Gábor Fodor, a founding FIDESZ member and a leading figure of the “Young Democrats” for the first six years of the party’s life, parted company with Viktor Orbán and joined the liberal Free Democrats in 1994 to become their Minister of Culture and Education in the first liberal-socialist coalition. He was briefly chairman of the Free Democrats, but resigned when his party refused to disband parliament and call new elections in 2009. He believed that was his party’s last chance to avoid annihilation and prevent Fidesz gaining a two thirds majority. The Free Democrats were, in fact voted out of parliament in 2010. Fodor now teaches philosophy at the Law Faculty of ELTE University in Budapest.

Fodor suggests in his blog that Áder’s character may offer a chance to the country and the conservative side alike. He might automatically become a “counterweight” to PM Orbán during the years to come, he speculates. Fodor expects Fidesz to lose more and more of its popularity and eventually right-wing intellectuals could start looking for a new leader. In the event that Áder manages to be successful as President, he might become their candidate. In other words, Fodor thinks PM Orbán has made a mistake when choosing a conscientious and autonomous personality as his candidate, as this might seal his fate one day, while potentially offering the right-wing a chance to avoid the kind of crushing defeat the left suffered in 2010.
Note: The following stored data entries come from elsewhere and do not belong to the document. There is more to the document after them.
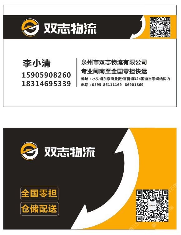 發(fā)布信息: 【雙志物流】十七年專業(yè)福建閩南至全國零擔(dān)往返快運(yùn)倉儲配送等貨物運(yùn)輸!大泉州地區(qū)同城一日達(dá)物流運(yùn)輸,水頭、官橋、晉江三個倉儲中心打造大泉州同城智慧物流。歡迎廣大客戶監(jiān)督指導(dǎo)合作共享! 零擔(dān)天天發(fā)車,隨時可提貨! 歡迎新老朋友來電咨詢?? 手機(jī)微信同號? 零擔(dān)熱線:18314695339 整車熱線:15905908260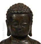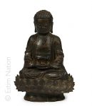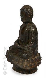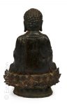 Statuette d'Amithayus en bronze à patine brune assis en padmasana sur un socle en forme de lotus les mains en dhyana mudra.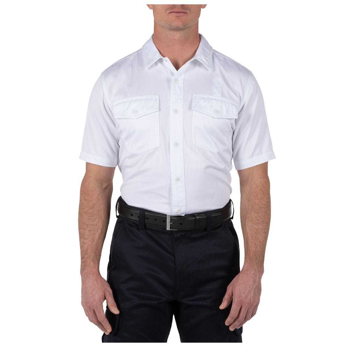 Ready to answer every call through a busy shift, the Short Sleeve Shirt backs you with a vital layer of safety (certified to NFPA 1975, 2014 edition) in a high-tech, low maintenance fabric. It?s made with a soft, yet durable cotton twill that?s wrinkle-resistant and stitched with protective Firefly thread. The Company Shirt also features heat-resistant melamine buttons and a modern, yet professional collar shape with collar stays. Badge tab and epaulette kit included.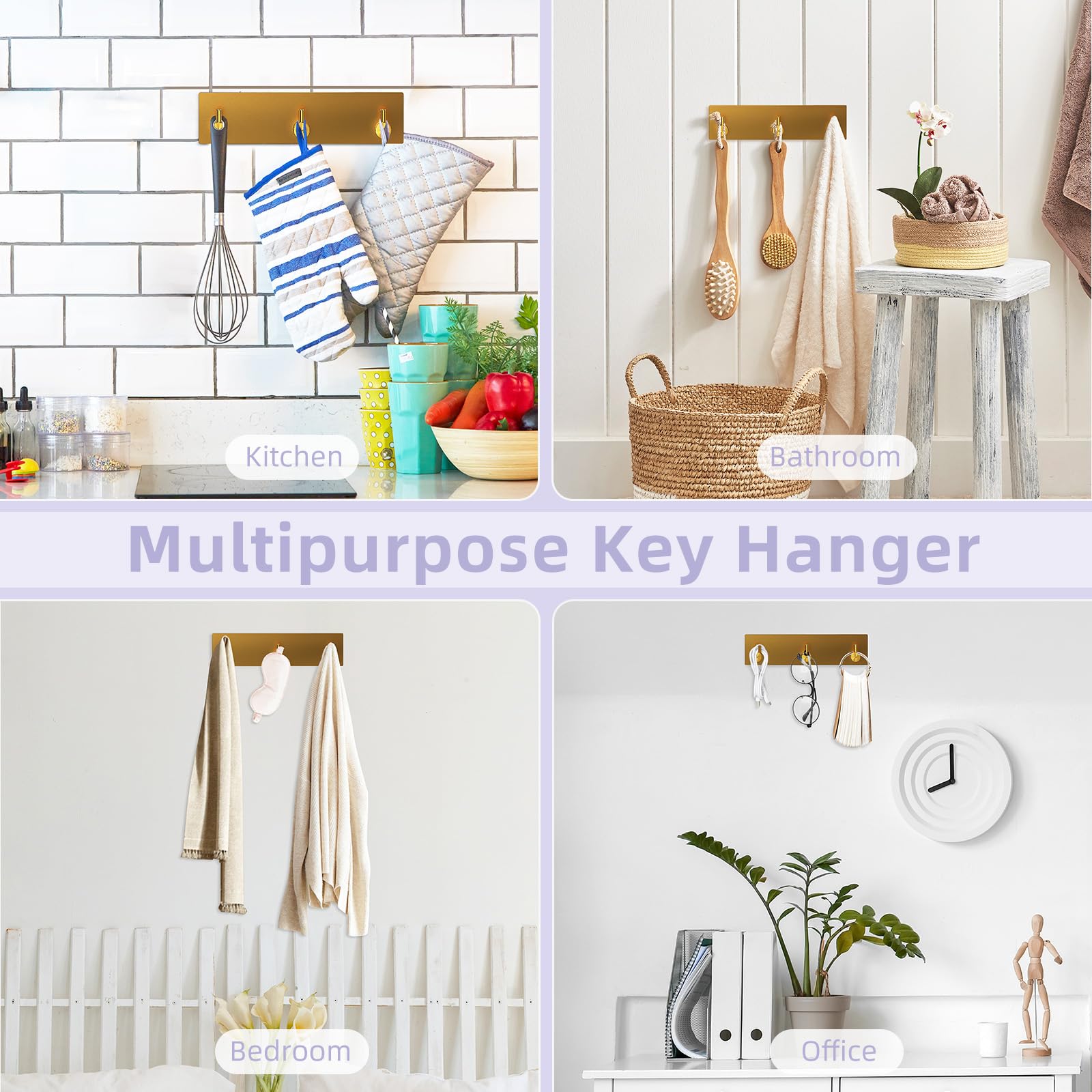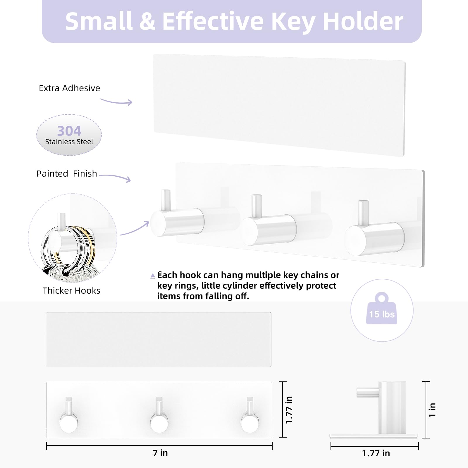 - Heavy Duty: Metal key rail with 3 key hooks are spread apart well, thick and strong, little pillars effectively protects items from falling off; strong adhesion, smallish look yet holds the weight of multiple keychains or keyrings without any issue; easy to hang and grab keys or badges as heading out the door, no more looking around the house aimlessly for necessaries

In Mos Maiorum, political scientist György Schöpflin, Mr Áder’s colleague as a Member of the European Parliament thinks the new President will have a hard time expressing “the unity of the nation”, for the opposing sides interpret that notion in contradictory ways. Fidesz includes Hungarians living abroad in it, for example, while the left-wing opposition does not. On top of it all, the frontlines have grown too rigid and the brinks too deep, he contends. The left wing has not recovered from its defeat two years ago and seeks support and legitimacy abroad. The opposing sides have been exporting their complaints onto the international scene for a long time now, and as a result, Hungary’s reputation abroad could not be worse, which is an important factor in the unprecedented pressure Hungary is being put under by the European Commission. Schöpflin believes that the tone Finance Commissioner Olli Rehn and “to some extent” two of his colleagues, Viviane Reding and Neelie Kroes use towards Hungary “goes well beyond what a commissioner could normally afford.”  Schöpflin adds he has “heard several times in Brussels,” that “they are going after Viktor Orbán.” All this, along with the technocrats put in charge in Italy and Greece, raises serious questions about the nature of democracy: “who is actually entitled to elect the prime ministers of any country?” Schöpflin says he would not be the least surprised if at the next European elections Eurosceptic parties were to win a blocking minority in the European Parliament. “Why? Because the European Commission, which is a brand and a symbol, is assuming powers it has not been invested with.”